We conducted a genetic analysis of patients with pNENs at our medical institution. The results showed that in high-grade pNENs, 10 out of 13 patients whose pathological diagnosis was pNECs and nine out of 11 patients with TP53 mutation (a characteristic of pNECs) had chromothripsis. By contrast, only two out of 13 patients classified as pNETs G3 and four out of 19 patients without TP53 mutation had chromothripsis. Subsequent examination revealed that chromothripsis correlates with notably reduced OS and an increased likelihood of distant metastasis. In contrast, neither TP53 mutations nor pathological pNECs can independently predict the prognosis of G3 pNENs. Thus, we believe that chromothripsis can help differentiate pNECs from high-grade pNETs and potentially offer prognostic insights and guidance regarding distant metastasis.
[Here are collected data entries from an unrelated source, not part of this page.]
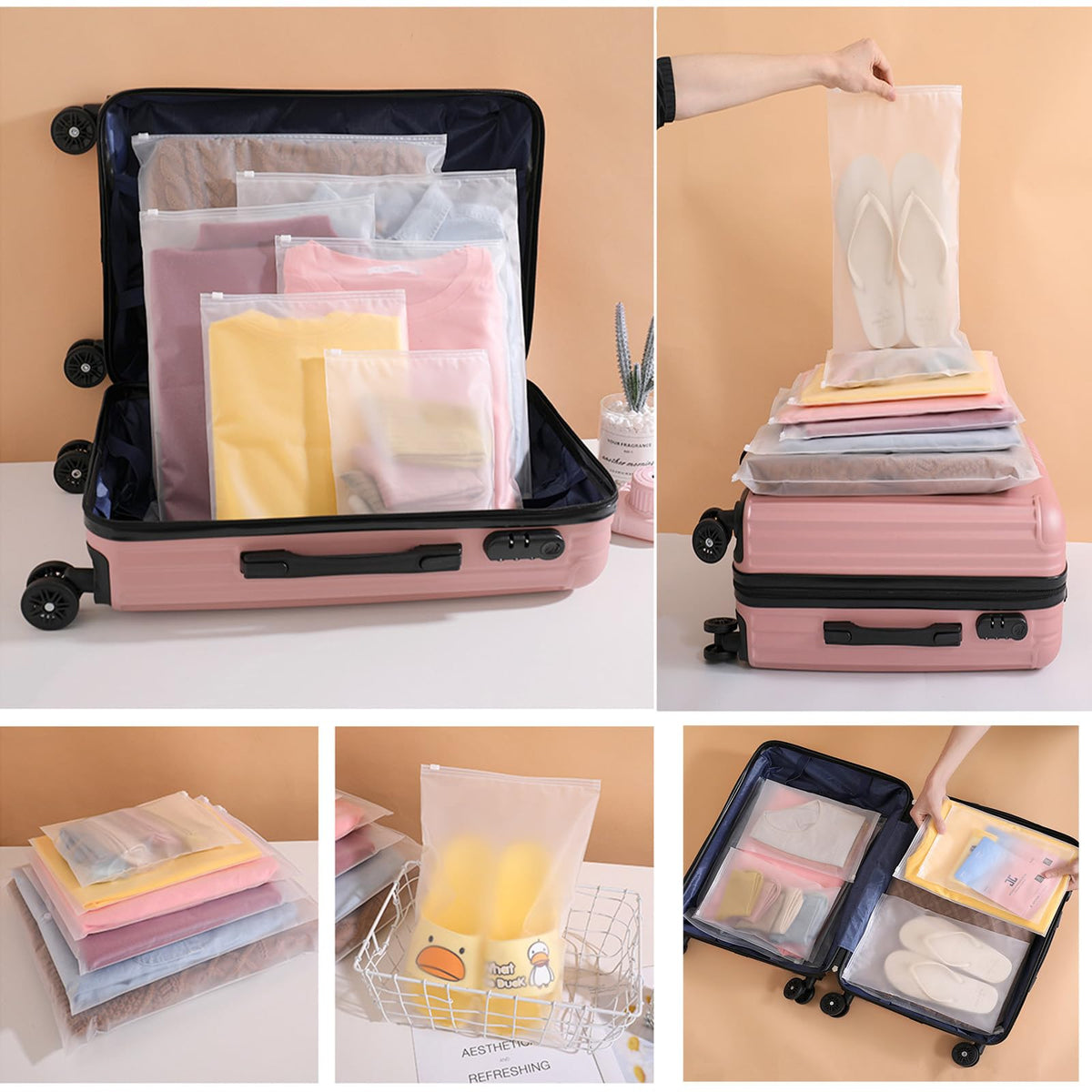 - Q: Can these bags be used for travel? A: Absolutely! These self-sealing zipper bags are ideal for travel as they securely store clothing, keeping them organized and protected from dust and moisture.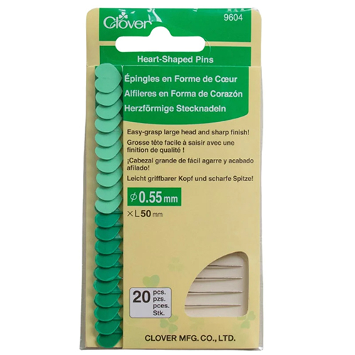 New to Clover's pin series are these cute and practical heart-shaped pins. The heart-shaped head makes them easy to grab, and the sharp finish makes them easy to use. The flat head is convenient for machine stitching as the large head is easily grasped while sewing, allowing for easy removal. The flat head, although not heat resistant, also makes ironing your project easier.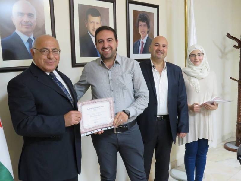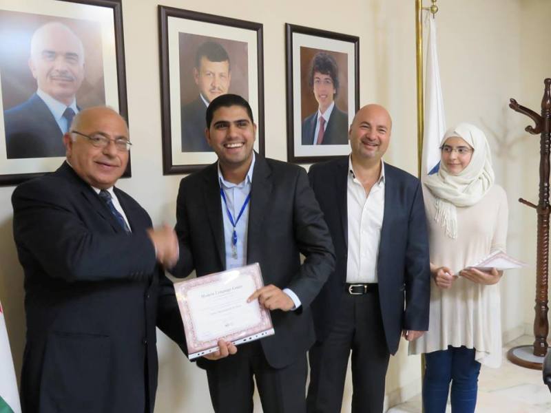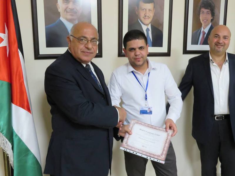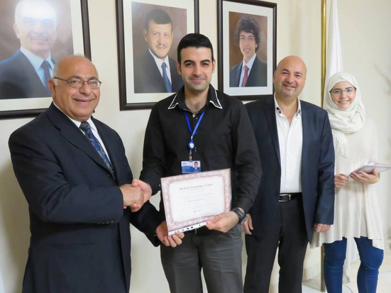 احتفل مركز اللغات الحديث بتخريج فوج جديد من طلاب دورات المحادثة باللغة الإنجليزية ومدتها 30 يوم بمشاركة عدد من موظفي بورصة عمان وبحضور المدير التنفيذي لبورصة عمان السيد نادر عازر والسيد فارس عوض مدير مركز اللغات الحديث.

The WHO has categorized high-grade pNENs into pNETs G3 and pNECs to facilitate clinical management and prognosis. However, its heavy reliance on subjective morphological assessment can result in challenges such as inter-pathologist variability and difficulty distinguishing in certain cases.14 In our study, two chromothripsis-negative patients with the pathological diagnosis of pNECs had long-term survival. In contrast, one chromothripsis-positive patient with the pathological diagnosis of pNETs G3 died 280 days after diagnosis. In ambiguous cases, one chromothripsis-positive patient also exhibited shorter OS compared with three chromothripsis negative. More importantly, the multivariable analysis of high-grade pNENs showed that only chromothripsis was an independent prognostic indicator for OS. These findings suggested that chromothripsis may be a more reliable predictor for the prognosis of G3 pNENs.

Mechanistically, these results are likely to be related to the influence of chromothripsis on tumor cells. As mentioned before, chromothripsis has the potential to generate massive protumourigenic mutational changes in a relatively short time, which could give tumor cells the advantages of rapid cancer evolution and highly aggressive behavior. As a result, chromothripsis has a more direct and close relationship with rapid progression, and detection of it in high-grade pNENs may help better identify pNECs, which are usually considered to have a higher malignant degree and a worse prognosis than pNETs G3.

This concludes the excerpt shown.